Source : Hans Holbein, maniérisme, anamorphose, parallaxe, postmodernité par Michel Thévoz, éditions L’Atelier contemporain, collection Studiolo.
Dans Le Livre de peinture, paru en 1604, Carel
Van Mander nous donne un renseignement précieux : « Il est à noter
que, à l’instar du chevalier romain Tupilius, qui était gaucher et peintre, ce
qu’on n’avait jamais vu, Holbein maniait le pinceau de la main gauche, ce qui
de notre temps ne s’est vu que très rarement ou pas du tout. Mais, pour autant,
il n’était point gauche dans la pratique de son art, où il procédait avec
fermeté et en maître accompli. »
On peut vérifier cette particularité par l’orientation
des hachures dans ses gravures et ses desseins.
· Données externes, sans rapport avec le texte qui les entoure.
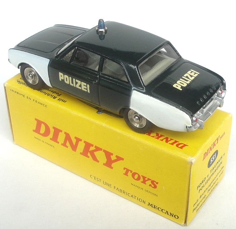 French Dinky 551 Ford Taunus 17M Police Car. Very, very near mint/boxed. Very scarce German export model.
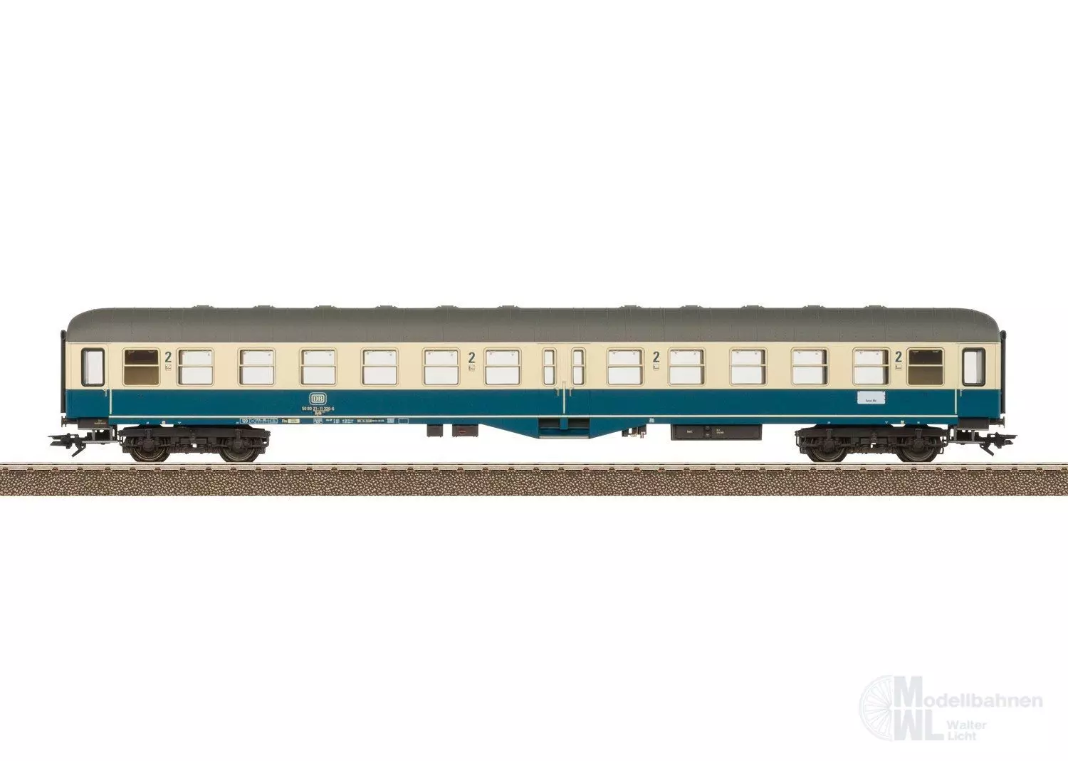 Vorbild: Reisezugwagen 2. Klasse der Deutschen Bundesbahn (DB) für sogenannte leichte Schnellzüge (LS). Bauart Bylb 421. Umgangssprachlich auch als „Mitteleinstiegswagen“ bekannt. Ausführung mit stirnseitig oben liegenden kleinen Schlussleuchten und einteiligen Fenstern an den Einstiegen am Wagenende. Farbgebung in Ozeanblau/Elfenbein. Betriebszustand um 1980.

Notons que Léonard de Vinci,
Michel-Ange, et Dürer probablement, étaient également gauchers : ça fait
beaucoup de peintres dans une génération et non des moindres, les plus
subversifs même, ceux qui traitent le Christ par un raccourci, qui dissèquent
les cadavres et qui excellent dans l’inversion des valeurs.
Voilà qui relance le problème de la
« dextérocratie » : la prédominance de la main droite n’a pas
d’explication génétique, c’est une spécificité anthropologique qui ressortirait
plutôt à l’ordre symbolique, c’est-à-dire à des déterminations culturelles qui
se seraient généralisées dès l’origine, les singes supérieurs étant encore
ambidextres.
Érasme lui-même, le meilleur ami de Holbein, si
contestataire fût-il, croit devoir insister : « En posant un plat
comme en versant à boire, ne te sers jamais de la main gauche »
recommande-t-il dans De Civilitate morum puerilium… Dès lors, on peut se
demander si, parmi les gauchers, qu’on dit volontiers contrariés, il n’y en
aurait pas de contrariants, au nombre desquels il faudrait compter notre
peintre ?
Ce que semblerait confirmer la signature épigraphique ironique, si ce n’est insolente, et inversée comme dans un miroir, dans le pilastre gauche d’un projet de vitrail, La Madone à l’enfant : « ZEFSVICUM » (Mucius fec[it]), allusion à Mucius Scaevola, résistant et gaucher s’il en est, pour s’être brûlé héroïquement la main droite.